For those of us that attended the Reigate valuers’ forum on Thursday 17th June there was an interesting dialogue concerning the impact of the service charge legislation on valuation for leasehold reform purposes in the post Kelton Court environment.
Whilst it appears that the principle of an enhanced ‘management risk’ associated with flats could give rise to an increase in the appropiate risk premium and hence the deferment rate, those circumstances where this would not be appropriate were also discussed.
The presence of headlease clearly negates some of the ‘management headache’ assciated with this asset class, but what about the situation where the Right to Manage (RTM) has been exercised ?
In this situation the landlord (arguably) has a reduced management burden – although this of course assumes a well-run RTM company. If the landlord has to exercise his powers to compel the company to comply with its obligations this will not be the case.

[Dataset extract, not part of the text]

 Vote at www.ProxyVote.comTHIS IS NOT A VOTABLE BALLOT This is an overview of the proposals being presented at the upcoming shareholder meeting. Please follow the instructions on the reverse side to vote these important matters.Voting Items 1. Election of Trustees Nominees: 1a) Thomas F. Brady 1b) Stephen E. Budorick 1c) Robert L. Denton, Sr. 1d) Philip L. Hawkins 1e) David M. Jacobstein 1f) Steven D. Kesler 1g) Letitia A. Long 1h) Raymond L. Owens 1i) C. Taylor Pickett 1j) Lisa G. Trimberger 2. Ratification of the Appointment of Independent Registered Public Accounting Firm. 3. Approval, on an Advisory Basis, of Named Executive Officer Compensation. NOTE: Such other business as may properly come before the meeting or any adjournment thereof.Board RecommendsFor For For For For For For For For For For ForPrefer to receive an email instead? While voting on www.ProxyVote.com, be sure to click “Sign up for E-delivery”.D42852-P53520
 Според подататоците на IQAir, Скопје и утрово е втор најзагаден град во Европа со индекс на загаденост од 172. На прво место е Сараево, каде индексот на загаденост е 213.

Similarly, if the RTM company has the right to place the insurance then arguably one of the motivating factors associated with owning a ground rent is also diminished. So the question then arises as to whether the one cancels the other out.
I expect that in practice the particular property will need to be examined to see which of the following factors are present and are likely to be of significance in arguing for a departure from the Sportelli deferment rate of 5% for flats. Briefly, these seem to be:-
1. Whether there is a headlesse in place (with management responsibility).
2. Whether there is a ‘third party’ management company (a party to the leases and with all the flat owners as members) and with the power to set the service charge.
3. Whether the Right to Manage has been exercised.
4. In the case of a small block (usually two flats) whether the leases impose a full repairing obligation on the flat owners (i.e. Where there is no service charge).
I would be interested to know what other practitioners think.